The sequencing of dancers thereby becomes a complex choreography that is jointly negotiated by women and men, albeit from unequal social and spatial positions
A practice theory of meaning constraint is applied to note possibilities that would be unlikely to be interpreted.
Analyzes the multiple voices and shifts in footing within the lyrics themselves and social, cultural, historical, and spatial considerations for contextual analysis.
Meanings of performances are co-constructed by communities of language users.
Conclusion
Explored definitions and uses of performance and performativity.
Three main approaches: (1) performance vs. competence, (2) performativity (Austin, Searle, Butler), (3) performance as verbal artistry (Bauman, Briggs).
Linguistic anthropologists build upon these approaches, drawing on concepts like framing, keying, and emergence.
Focus on how communities create social actions and define/redefine themselves.
Themes: Language and gender, race, ethnicity, power, agency, social change.
The note analyzes the concepts of "performance" and "performativity" in linguistic anthropology, exploring how these concepts are used to understand identity construction and social action. It outlines three main approaches: performance as opposed to competence (Chomsky vs. Hymes), performativity (Austin, Searle, Derrida, Butler), and performance as verbal artistry (Bauman, Briggs).
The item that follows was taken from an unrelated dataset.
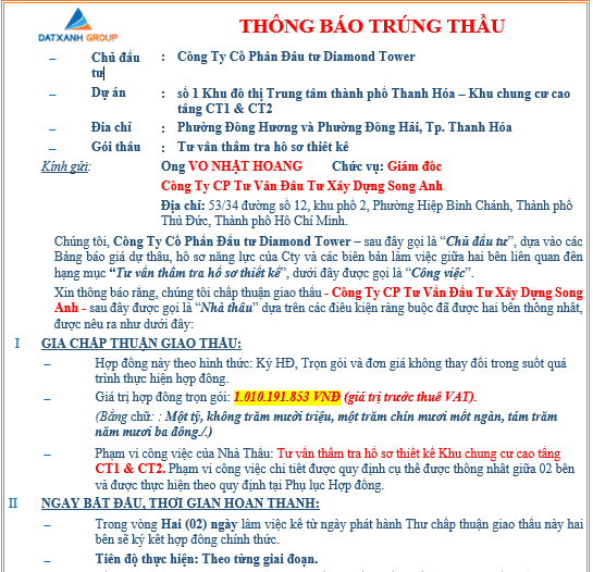 Xin thông báo rằng, chúng tôi chấp thuận giao thầu - Công Ty CP Tư Vấn Đầu Tư Xây Dựng Song Anh - sau đây được gọi là “Nhà thầu” dựa trên các điều kiện ràng buộc đã được hai bên thống nhất, được nêu ra như dưới đây:
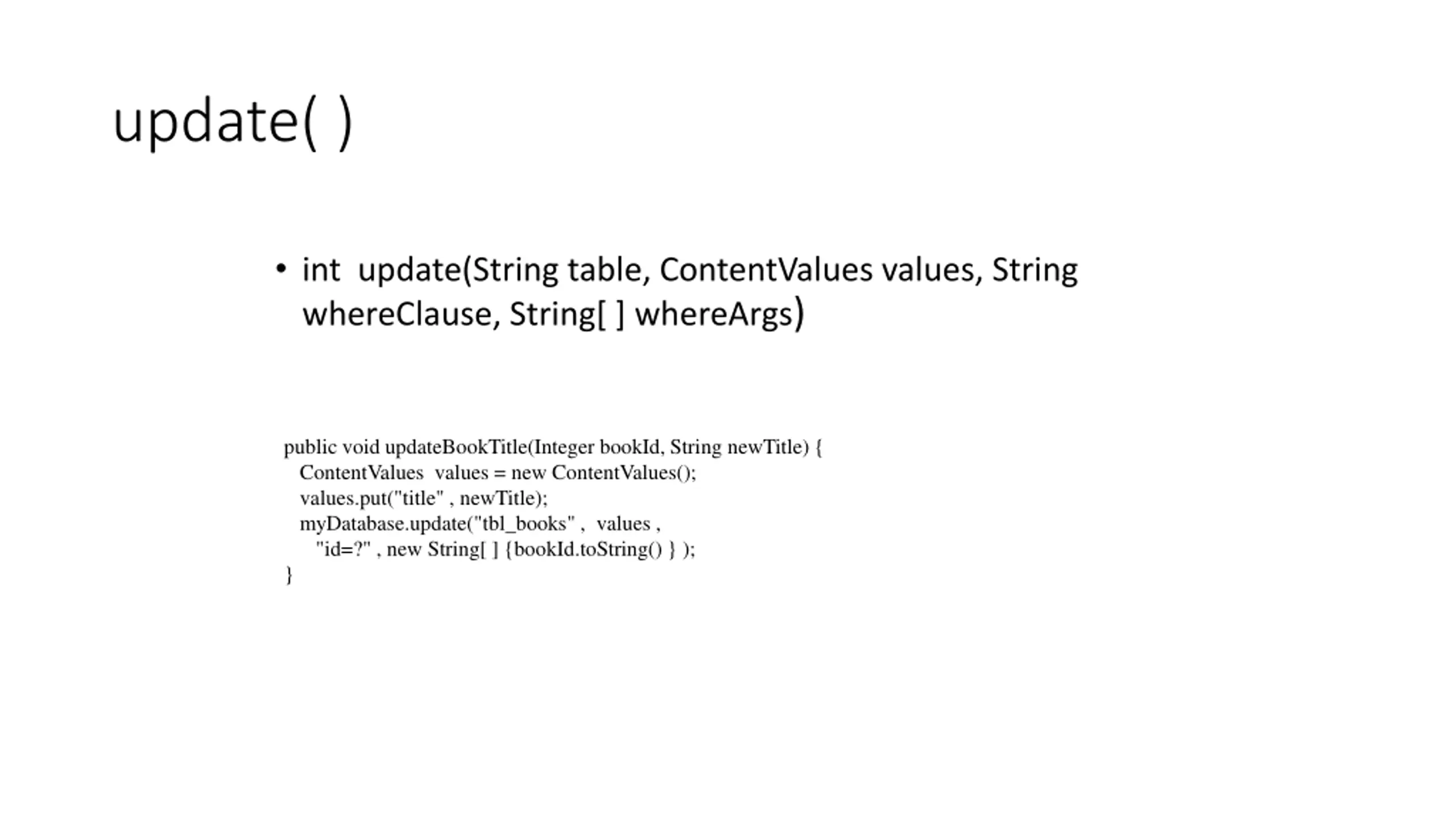 update( ) int update(String table, ContentValues values, String whereClause, String[ ] whereArgs) public void updateBookTitle(Integer bookId, String newTitle) { ContentValues values = new ContentValues(); values.put("title" , newTitle); myDatabase.update("tbl_books" , values , "id=?" , new String[ ] {bookId.toString() } ); }

The main argument is that linguistic anthropologists build upon these approaches to examine how communities create social actions and define/redefine themselves, focusing on themes such as language, gender, race, ethnicity, power, agency, and social change.
The analysis draws on various theoretical frameworks, including Chomsky's competence/performance distinction, Austin's speech act theory, Butler's work on gender performativity, and Bauman's concept of performance as a display of verbal artistry. It also references ethnographic studies, such as Jones and Shweder's analysis of theatrical magic, Limon's study of Mexican American men's jokes, and Ahearn's research on Nepal's Tij Festival, to illustrate how performance and performativity manifest in real-world contexts and contribute to social meaning-making.